To be fair to the show, there are some intriguing moments late in the episode, as things start to coalesce into something that might be called a plot. I’d hesitate to call any of the characters “involving,” but there’s a fairly good scene between Tate and underling Stella (a quite good Hermione Norris) where they talk about their faded hopes for what Carpathia could be and realize that the reality of living in this inhospitable place has slowly chipped away whatever optimism they’ve had. I also like a bit where two characters you wouldn’t expect to hook up run into each other in a bar and promptly do, as it gives both of them some intriguing shades (though I strongly suspect we’ll never see at least one of them again). These nice character moments are few and far between, but at least the show knows how to do them, something that indicates it may settle in and do more of them once it’s past this awkward growth spurt.

It should also be said that the whole thing was filmed in South Africa, and the location really adds a lot to the series. There’s an epic sweep here that most American sci-fi shows go to Vancouver to achieve. But where Vancouver settings are by now old hat, the wild spaces of South Africa are little known enough to allow for some impressive and unexpected vistas, as happens with, for example, a strangely eerie and dead lake in the middle of nowhere. The direction of the pilot aims a bit too heavily at the film and TV work of J.J. Abrams (there are lens flares all over the place, and some of the wilderness shots are direct lifts from the Lost pilot), but it’s otherwise serviceable.

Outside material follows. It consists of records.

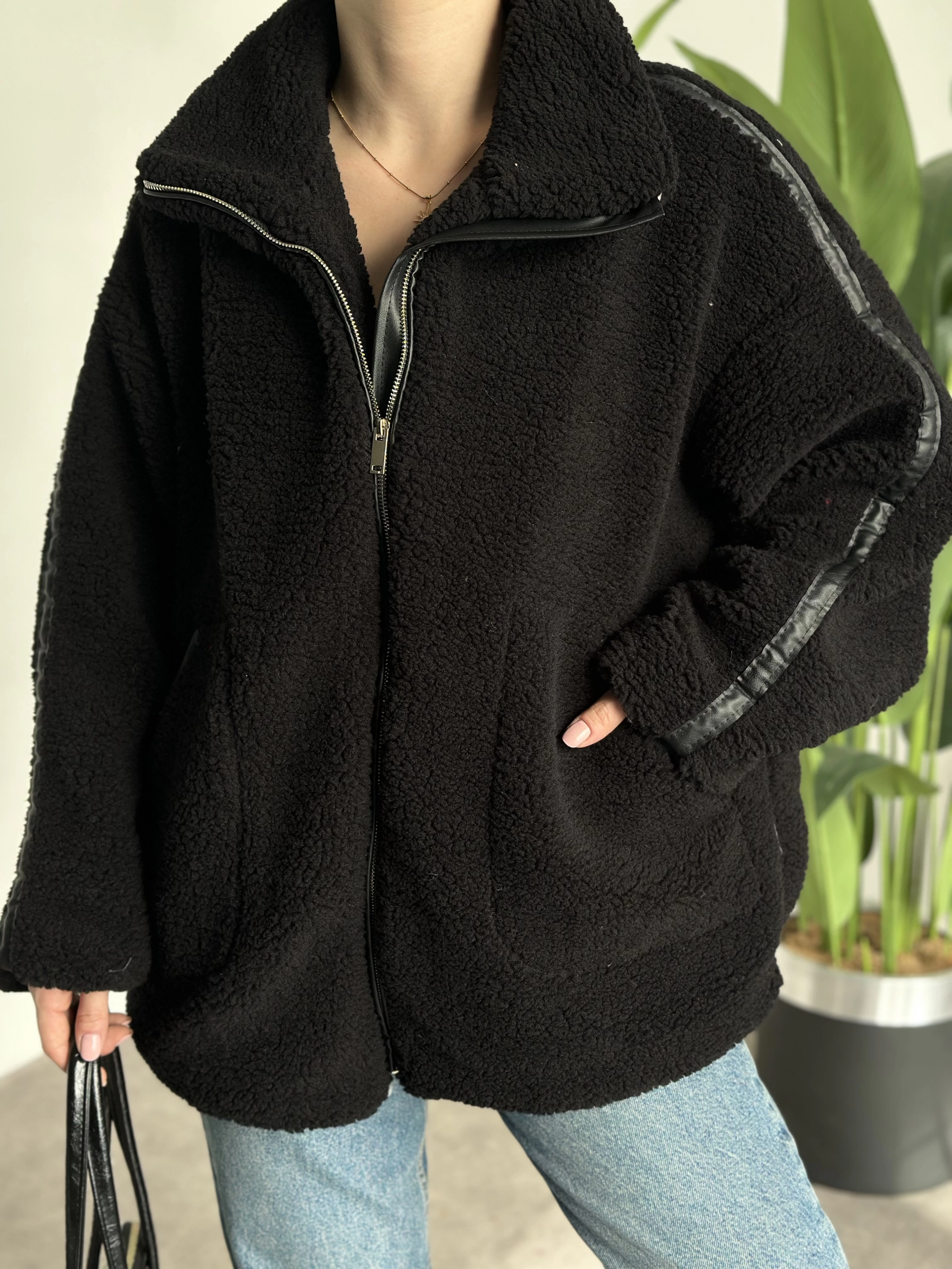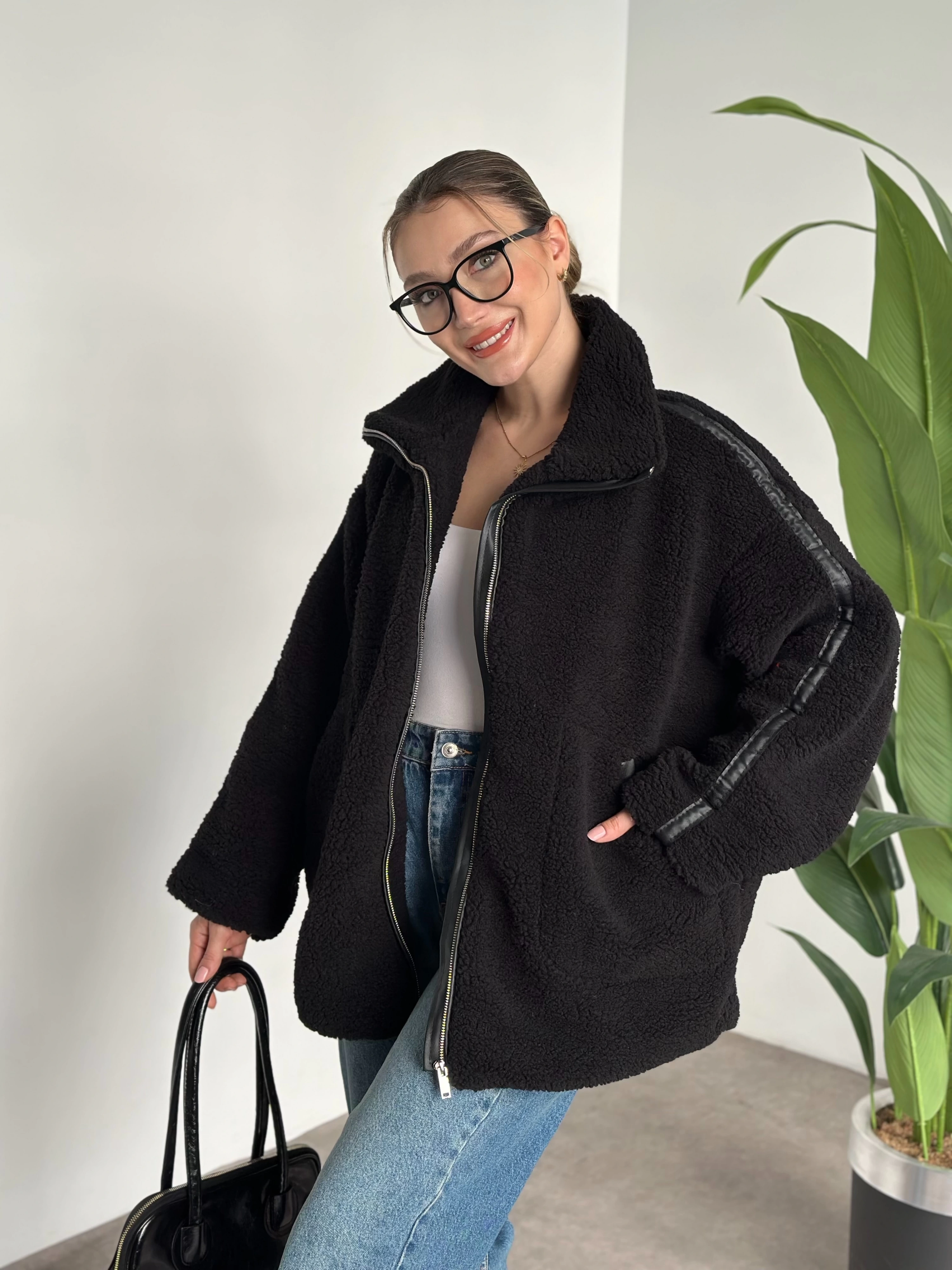 Dokulu süet içi peluşlu oversize marka model mont siyah
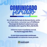 A Prefeitura de Sanharó decreta feriado e ponto facultativo nos órgãos e entidades da administração municipal nos seguintes dias:
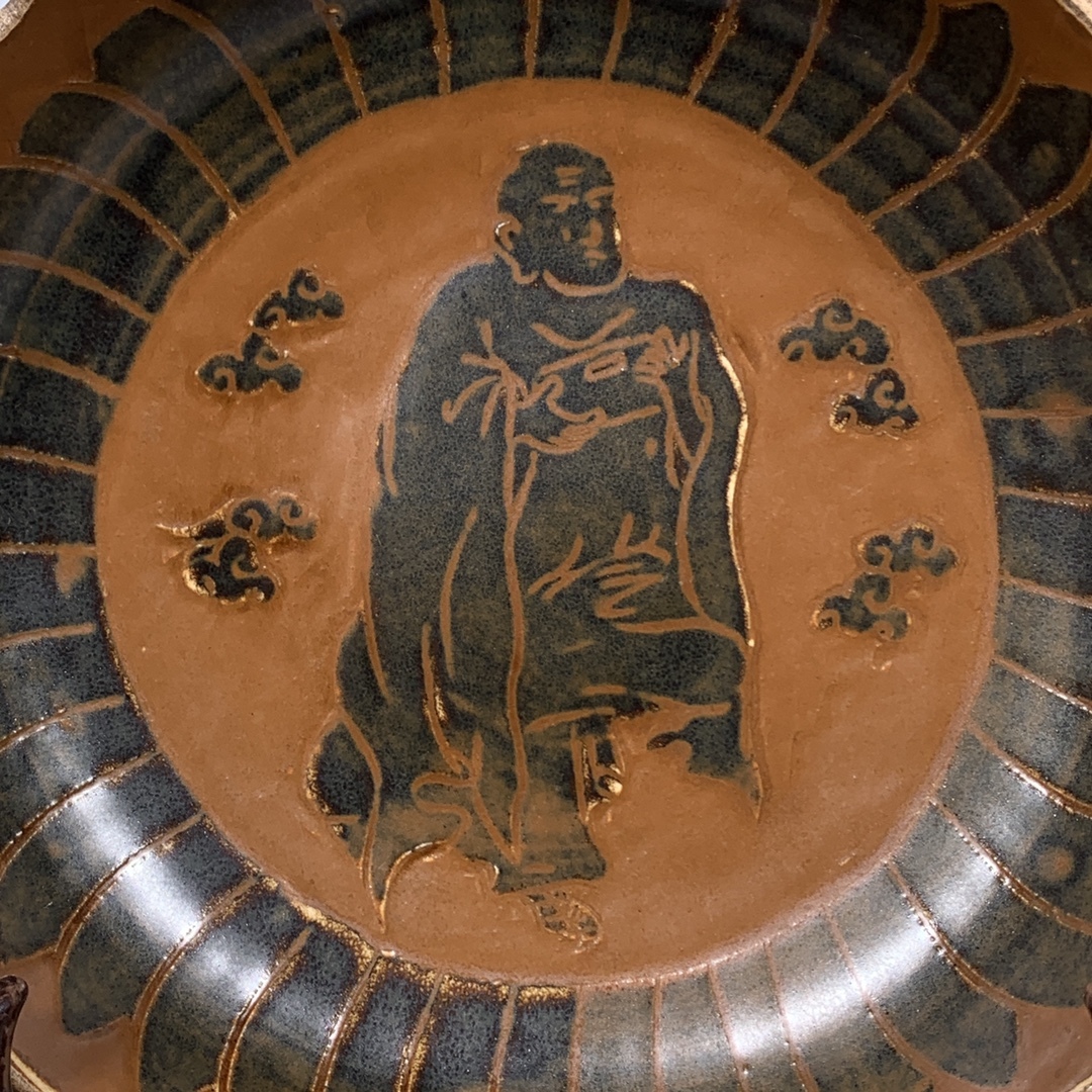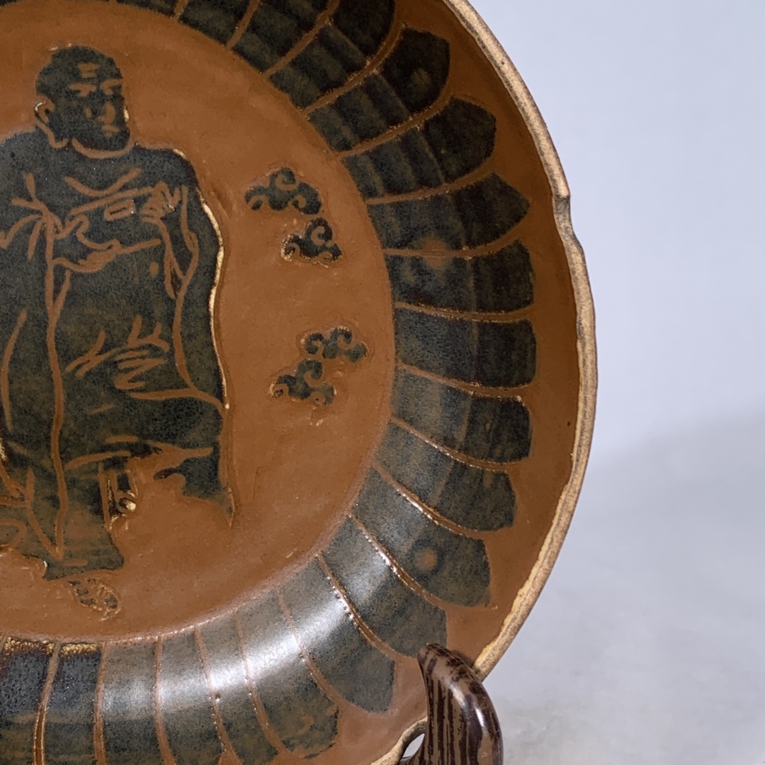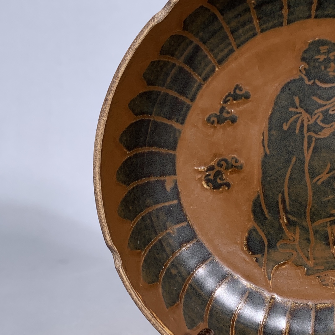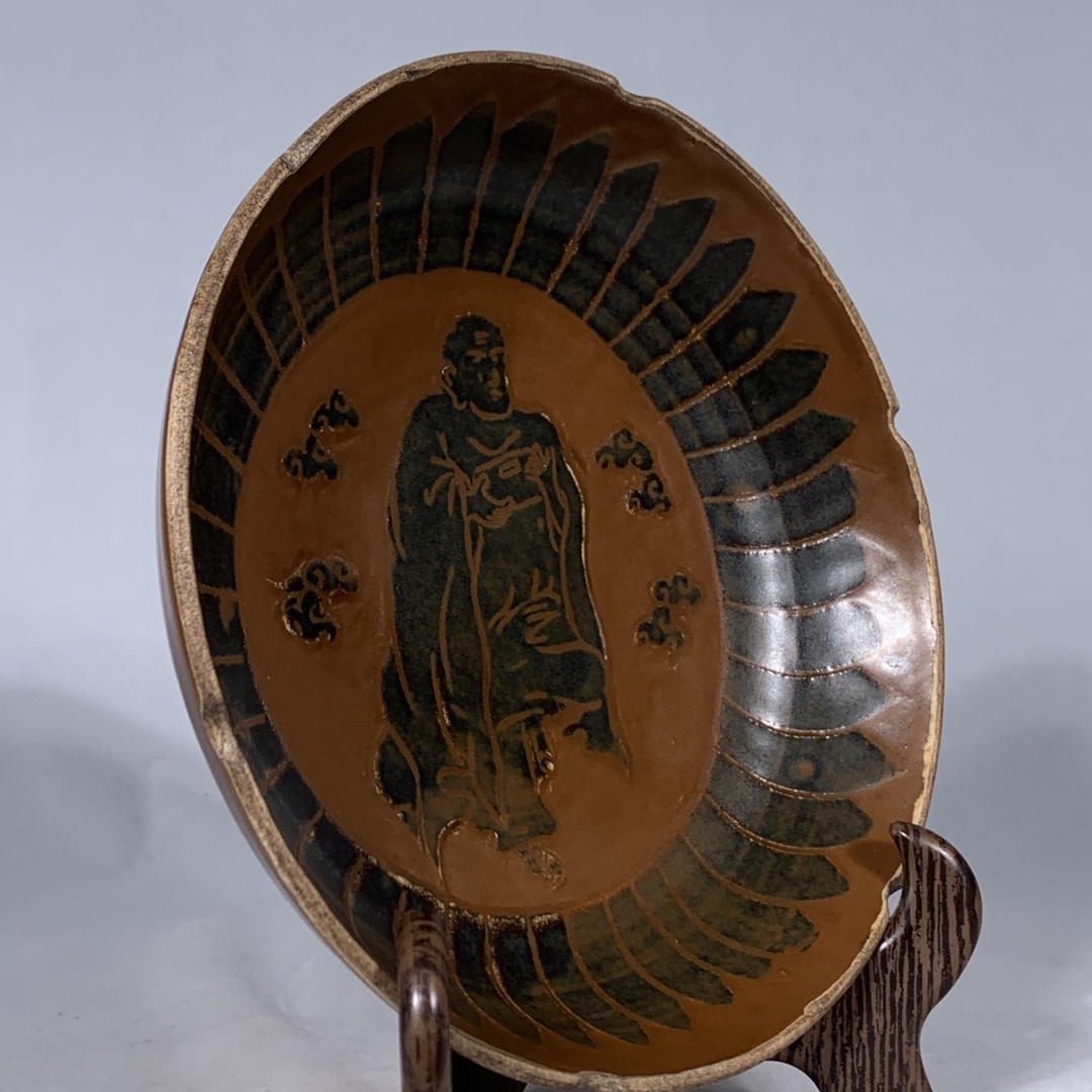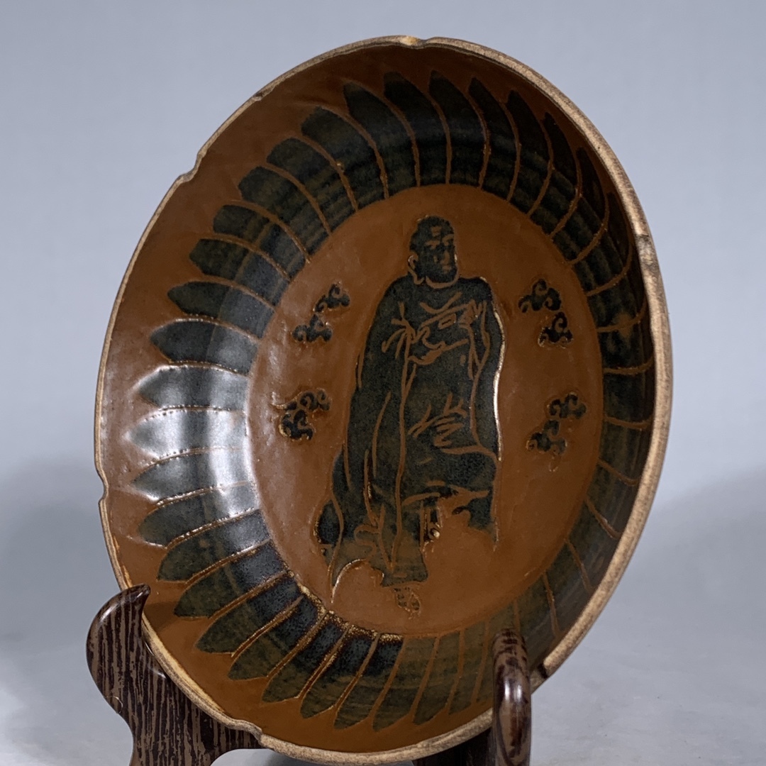 唐物 宋 定窯 醤釉 達摩図 葵口皿 陶芸 古陶磁器 中国美術品 時代物 D63
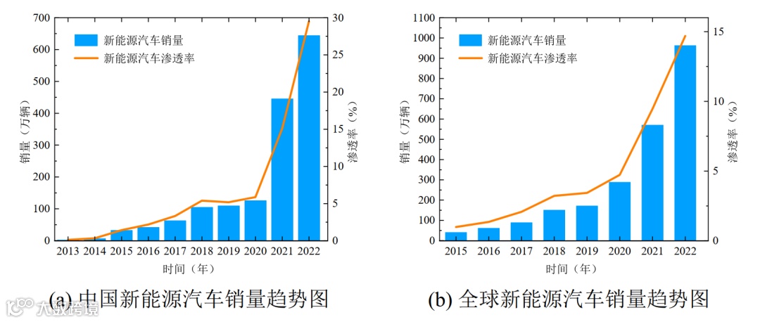 新能源汽车作为智能网联汽车的重要载体,近些年在我国政府补贴政策的支持下发展迅速,同时为了实现能源消耗结构的转型,大力发展新能源汽车也是必经之路,近年来国内外新能源汽车的销量和渗透率逐年增加。
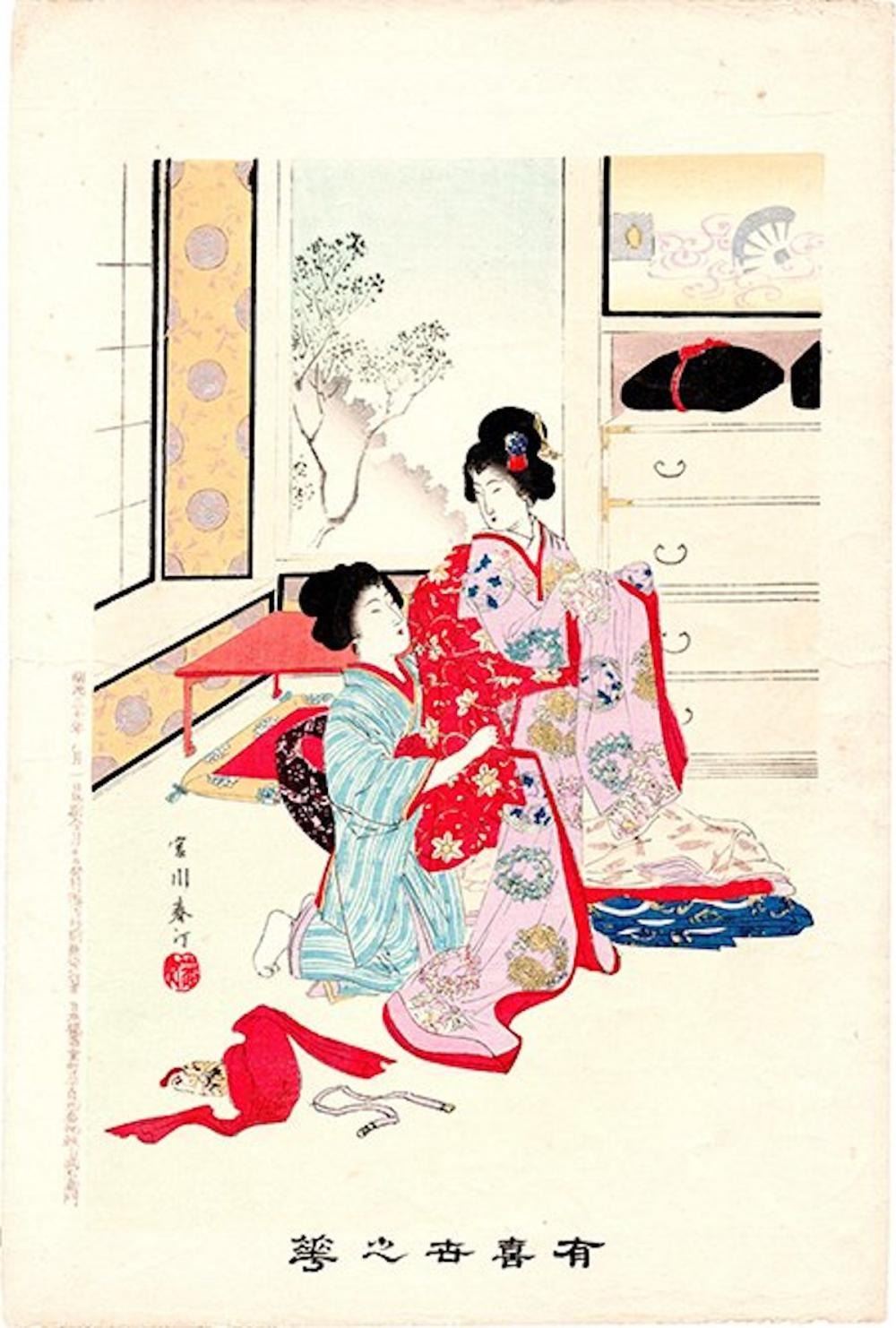SHUNTEL "MOTHER DRESSING DAUGHTER", CIRCA 1880, OBAN, 14 1/2 X 10, FINE CONDITION

And here’s another thing: If you haven’t illegally downloaded the show already and if the BBC America airings are your first exposure to the show, I genuinely have no idea what you’re going to be watching, and I rather suspect it will be better than what I saw. BBC America always makes the full, British episodes available to American critics, which means that I’ve seen a one-hour-long cut of this episode, where you’ll see one roughly 45-minutes long. But this is the rare show that could really benefit from having 15 minutes trimmed out of it. Plenty of scenes go on for far longer than they should, there are lots of clumsy attempts to build atmosphere that don’t really work, and the plot takes too long to get to destinations you knew it was heading toward from scene one. Maybe BBCA will cut the solid character scenes (I hope not), but I rather expect they’ll cut some of the punishing exposition instead. And that would immediately make this a much better episode of television.

But based on what I’ve seen, I can’t really recommend Outcasts. I like the premise and the setting, and I like many of the actors, but what’s here feels like so many of those American dramas that tried to copy Lost but missed that what made the show popular at first wasn’t the complicated mythology or the unique setting or the sounds of a monster in the jungle but, rather, the sense that anything could happen at any time. Put another way: By the end of the pilot of Outcasts, I had the feeling that the story was just starting. But where that is usually a good thing in a pilot, in this one, it simply happened because it felt like the show’s creator and writer, Ben Richards, scrapped his first draft and mostly started over.

Stray observations:

  • Well, if not for this show, I never would have realized how similar Jamie Bamber and Eric Mabius look, so there's that.
  • And, OK, I was won over by the farting pig.
  • Scott Von Doviak will be taking over for the future (hopefully better) episodes of this show. Treat him well.